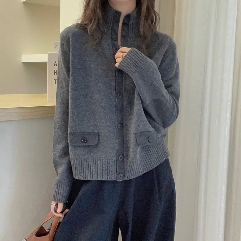 ファッションは新型のゆったりした立襟のセーターの女性の短いスタイルのウールのセーターに合わせて、カジュアルな長袖のカーディガンのコートを厚くします。
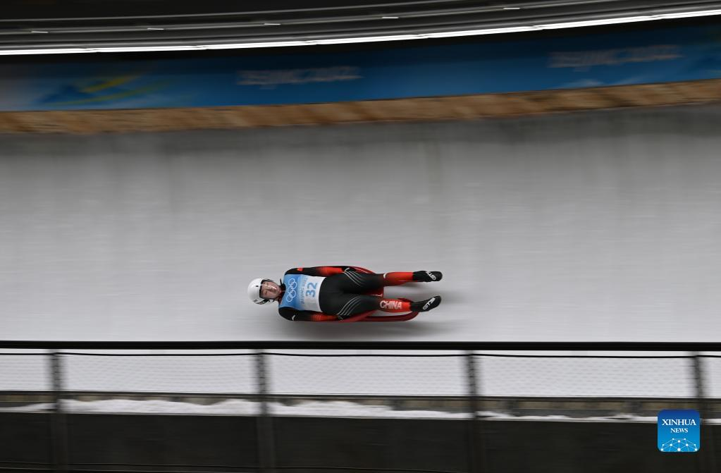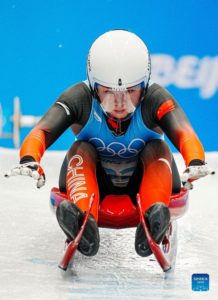 Wang Peixuan of China competes during women's singles run of luge event at the Yanqing National Sliding Centre in Yanqing district of Beijing, capital of China, Feb. 8, 2022. (Xinhua/Sun Fei)
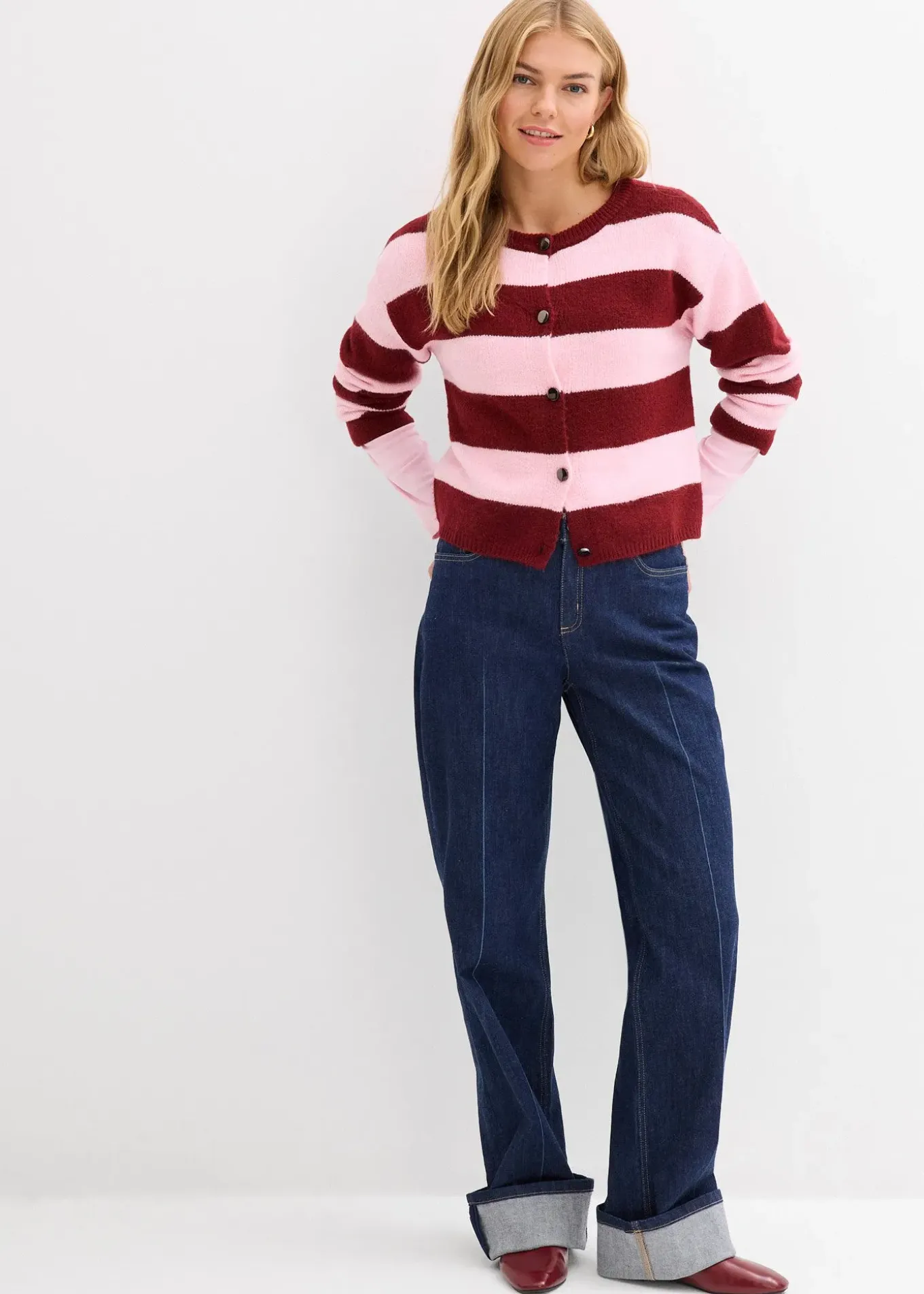 Gilet court et boutonné en fine maille rayée
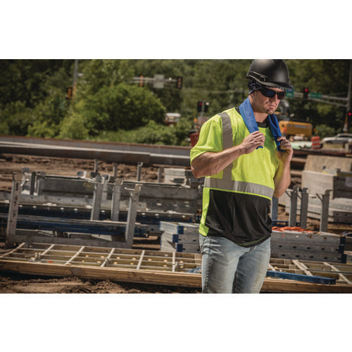 Class 2 black front performance T-shirt made of lightweight birdseye knit paired with 3M Scotchlite Comfort Trim. Moisture wicking treatment and armpit vents keep the user cool and dry. 30+ UPF for protection against harmful UV. An outside chest pocket to keep small items accessible. Black front and collar hide dirt and wear.
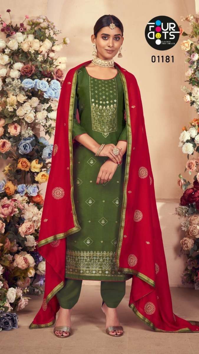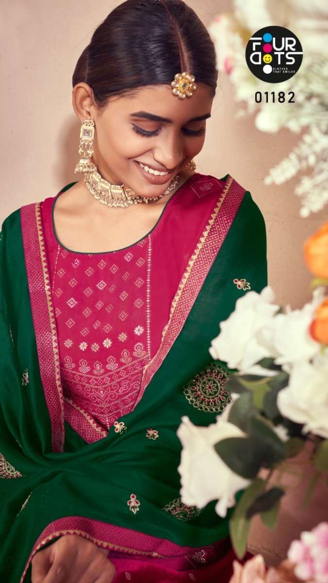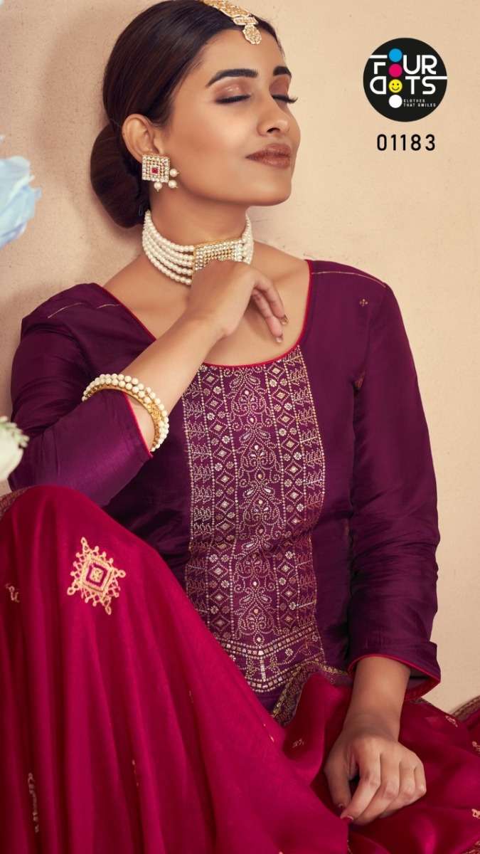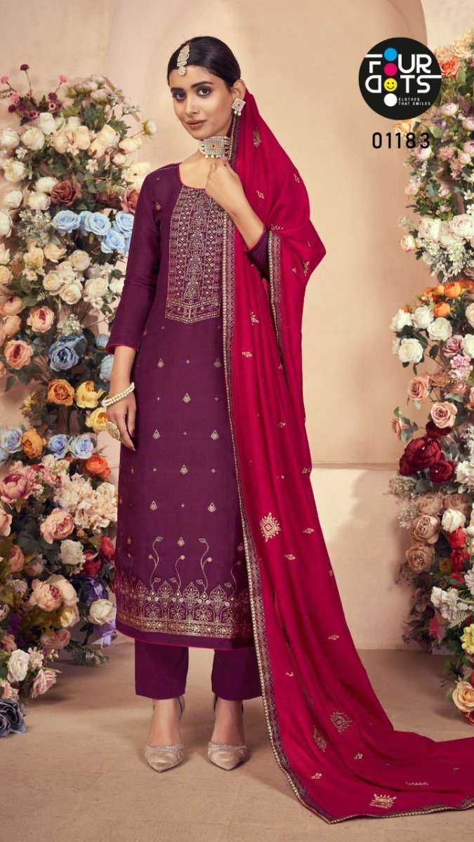 DEEPALI BY FOUR DOTS DESIGNER WITH WORK RUSSIAN DOLA JACQIATD SUITS ARE AVAILABLE AT WHOLESALE PRICE
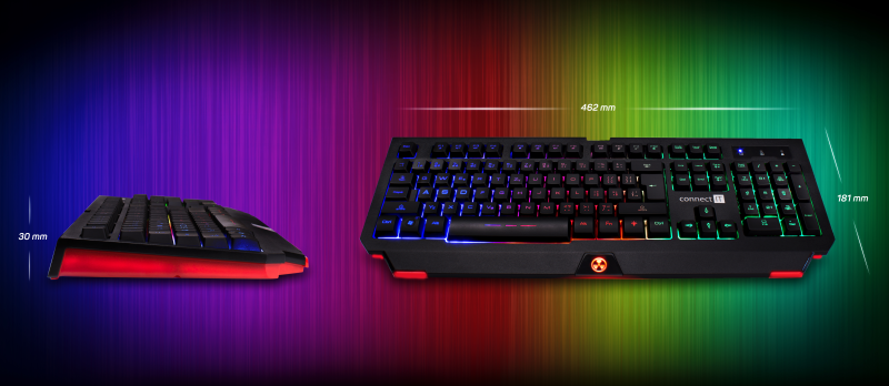 Stylová herní klávesnice s RGB podsvícením a funkcemi pro maximální zážitek ze hry. CONNECT IT BATTLE RNBW je navržena pro všechny hráče – od začátečníků po profesionály. Její klasické rozložení kláves v kombinaci s barevným podsvícením vám umožní ponořit se do herního světa i za zhoršených světelných podmínek. Díky 12 multimediálním tlačítkům a 19 Anti-ghost klávesám budete mít vždy plnou kontrolu nad hrou i médiemi.
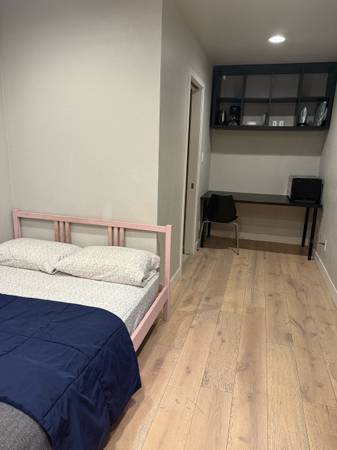 Spacious, bright and newly remodeled bedroom with separated entry and private bathroom. The unit is attached to the main house. Private entrance is from the side yard. Free Utilities including WiFi.
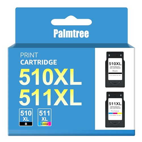 PalmTree PG-510 CL-511 Remanufactured for Canon 510XL and 511XL ink cartridges Replacement for Canon MP495 ink cartridges for Canon MP499 ink for Pixma iP2702 MP230 MP235 MP280 (1 Black 1 Tri-Color)
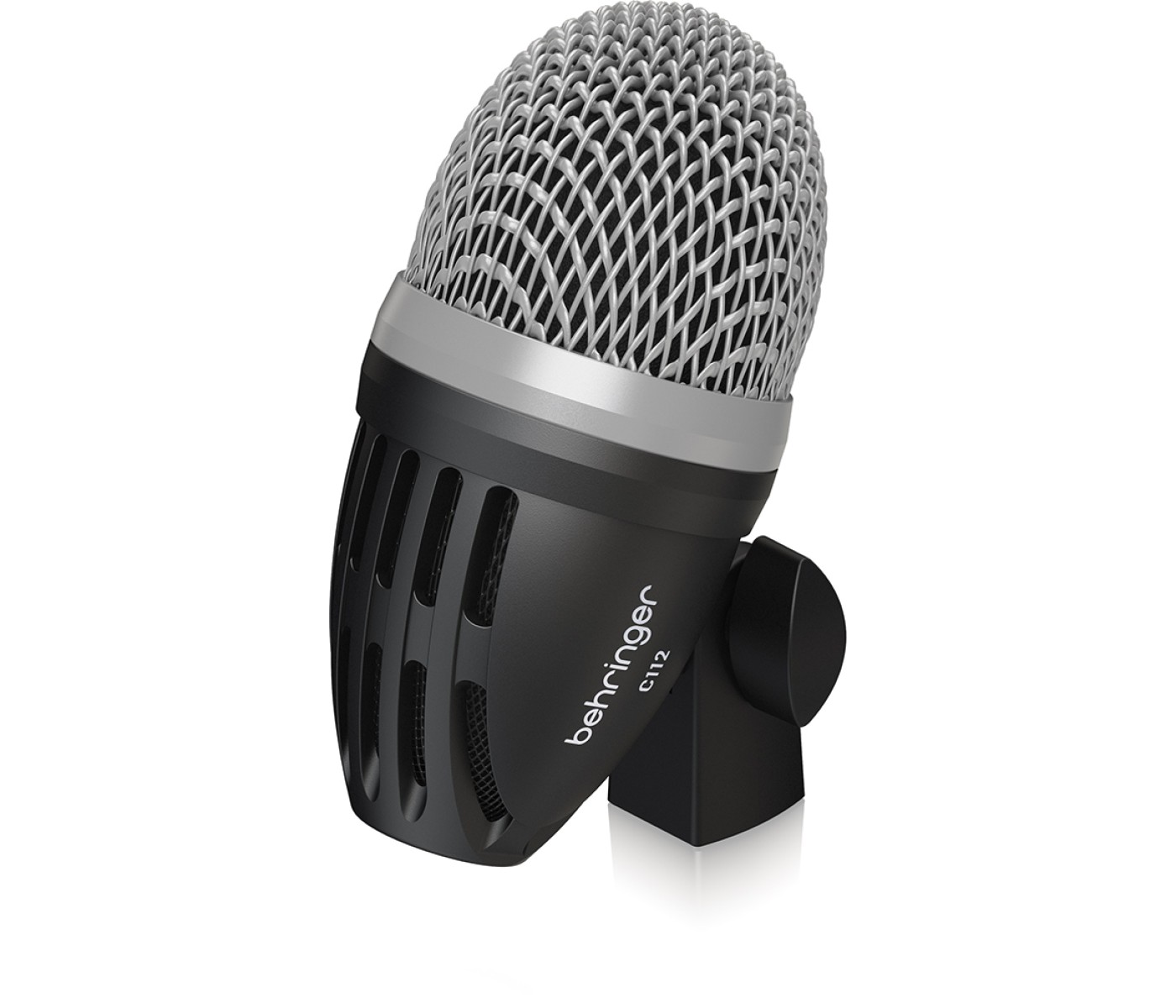 The C112 is a pro-quality large diaphragm dynamic capsule especially tuned for full response of kick drums. Mount this mic onto a short microphone stand, then position it just inside kick drum opening. Aim the mic directly at beater for more attack, or towards the far edge of the drum for a more resonant tone.
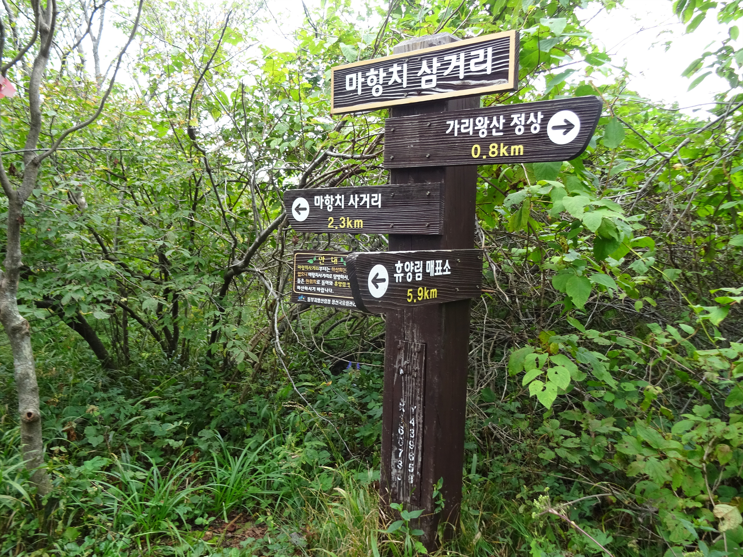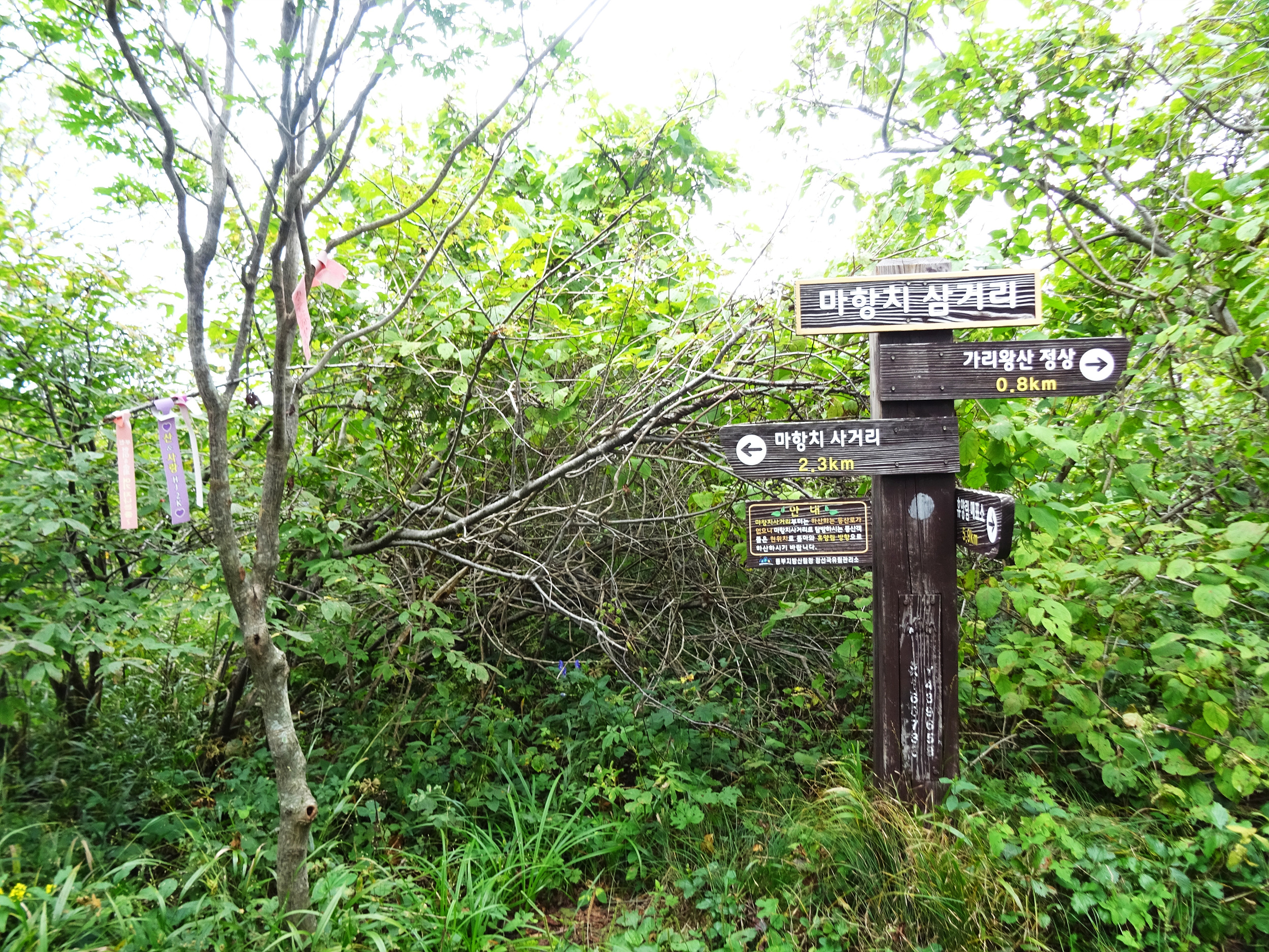 정상에서 800m를 내려오면 마항치 삼거리에 도착하는데, 여기서 휴양림은 이정표 정면에 보이는 내리막으로 가야 합니다.

——————————

### Try it
Skip the pictures and restate exactly the lines from the beginning of the listing to the line with "Class 2 black", that line included.

### Task response
 ファッションは新型のゆったりした立襟のセーターの女性の短いスタイルのウールのセーターに合わせて、カジュアルな長袖のカーディガンのコートを厚くします。
 Wang Peixuan of China competes during women's singles run of luge event at the Yanqing National Sliding Centre in Yanqing district of Beijing, capital of China, Feb. 8, 2022. (Xinhua/Sun Fei)
 Gilet court et boutonné en fine maille rayée
 Class 2 black front performance T-shirt made of lightweight birdseye knit paired with 3M Scotchlite Comfort Trim. Moisture wicking treatment and armpit vents keep the user cool and dry. 30+ UPF for protection against harmful UV. An outside chest pocket to keep small items accessible. Black front and collar hide dirt and wear.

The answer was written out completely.